The country’s domestic airline industry is dominated by state-owned Aerolineas Argentinas and its regional subsidiary Austral, which for years benefited from government subsidies and favourable treatment.

“Aerolineas had 80% of the domestic market share. That has made it very inefficient,” says Irigoin. LATAM Airlines Group operates an Argentinean subsidiary, but had encountered difficulties in expanding in the market, largely due to government policies that protected Aerolineas.

“We as an aviation industry couldn’t modernise our fleet, we couldn’t see the strategy of competition,” says Irigoin.

To encourage competition and boost domestic traffic, Argentina is now actively encouraging new airlines to start up in the country. Low-cost airlines are especially welcome, as Irigoin believes that the availability of lower fares will prompt more Argentineans to travel by air.

Start-up carrier Flybondi plans to launch flights in Argentina in the third quarter of 2017, and is the most likely candidate to become the country’s first low-cost carrier, says Irigoin.

Argentina’s Macair Jet, a mostly charter operator that was acquired by Avianca’s owner Synergy, could also transform into a scheduled airline in the country.

“They want to explore mostly secondary routes within the country,” says Irigoin.

REPAIRING RELATIONS

During the rule of the Kirchners, Latin American airlines knew better than to hope for easy access to Argentina’s secondary cities.

Carriers that applied to begin service to cities other than Buenos Aires were often in for a lengthy wait, as authorities were reluctant to introduce competition on routes monopolised by Aerolineas.

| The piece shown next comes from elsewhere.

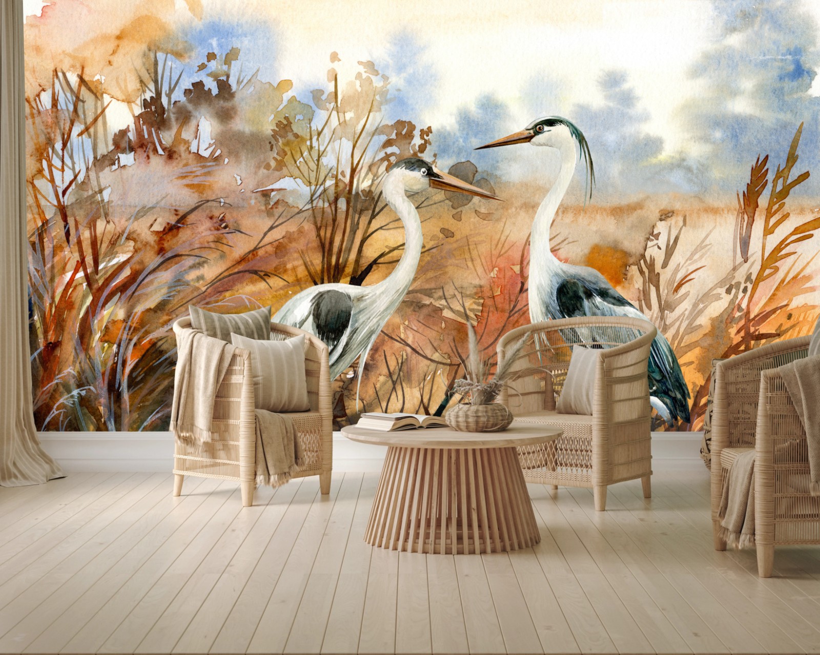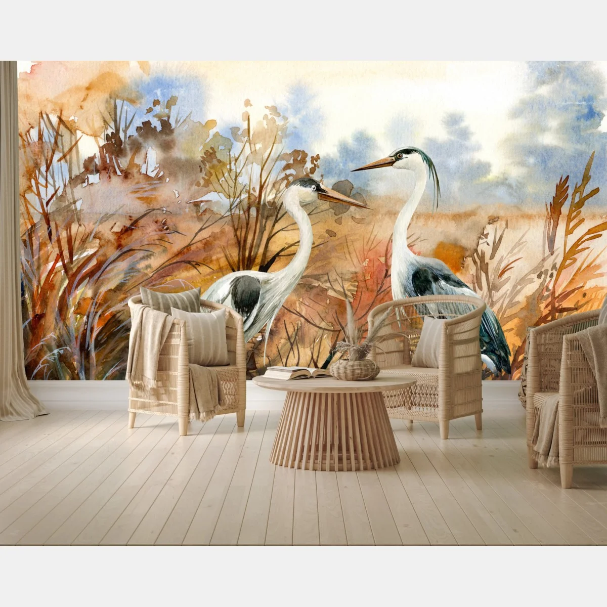 Fototapete Zwei reiher im herbstlichen sumpf

It was not uncommon to hear stories about foreign airlines applying for route authorities, only to still be waiting six, seven years later.

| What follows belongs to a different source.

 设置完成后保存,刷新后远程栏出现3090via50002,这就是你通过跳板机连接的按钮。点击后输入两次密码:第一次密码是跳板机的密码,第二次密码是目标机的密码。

Now the tide has turned, and Irigoin says Argentina wants more connectivity from its secondary cities to major Latin American capitals. So far this year, the government has given the green light to a number of new routes to secondary cities like Cordoba, Rosario, Salta and Mendoza.

“We want to restart talks with all the different countries and update our bilaterals,” he says.

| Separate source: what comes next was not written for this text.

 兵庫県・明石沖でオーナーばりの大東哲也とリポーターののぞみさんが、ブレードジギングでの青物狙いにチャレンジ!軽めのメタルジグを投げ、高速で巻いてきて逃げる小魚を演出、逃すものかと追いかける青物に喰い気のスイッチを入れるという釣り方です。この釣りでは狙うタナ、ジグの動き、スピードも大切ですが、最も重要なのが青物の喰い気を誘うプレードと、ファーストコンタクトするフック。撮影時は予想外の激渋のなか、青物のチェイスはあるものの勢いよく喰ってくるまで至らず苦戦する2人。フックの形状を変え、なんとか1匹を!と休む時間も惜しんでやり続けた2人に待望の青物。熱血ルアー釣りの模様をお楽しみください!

Argentina plans to hold talks with Panama, Brazil, Paraguay and Peru in the first quarter of 2017 to discuss growing flight frequencies. “There is a lot of demand, many countries are knocking on our doors,” says Irigoin.

Panama, in particular, has long yearned for more flight frequencies so its flag carrier Copa Airlines can grow. Copa wants to start Mendoza service but is not able to as it needs frequencies to free up under the existing bilateral agreement.

INSIDE-OUT REVIEW

While repairing bilateral relations is an important priority, Argentina’s ANAC is also reviewing long entrenched policies in its domestic market.

Among these is a fare band rule that restricts how much airlines can charge for domestic air tickets. After president Mauricio Macri took office late last year, Argentina removed the ceiling for the fare band, says Irigoin. However, the base of the fare band is still in place - a rule that could impede the growth of low-cost carriers.

Irigoin explains that the base fare limit was first put in place to protect ground transportation operators, but believes that the limit will be eliminated in 2017.

“At some point, we will remove it,” he says. “It should happen in 2017.”

Civil aviation authorities are also relooking how airports in the country are operated. More than 30 airports, including Buenos Aires Ezeiza, are operated by the same concessionaire, Aeropuertos Argentina 2000.

Argentina has announced a more than $1 billion investment to modernise the country’s airports, but Irigoin indicates that more could be done to improve the competitiveness of Argentina’s airports. For example, he says airport fees in the country are currently too high.

“We need to review everything,” he says, underlining the need for a wide-ranging examination of the country’s aviation industry.

“It is not possible to change everything in one shot,” acknowledges Irigoin. “But we are in a gradual process of trying to put in order something that was in total disorder.”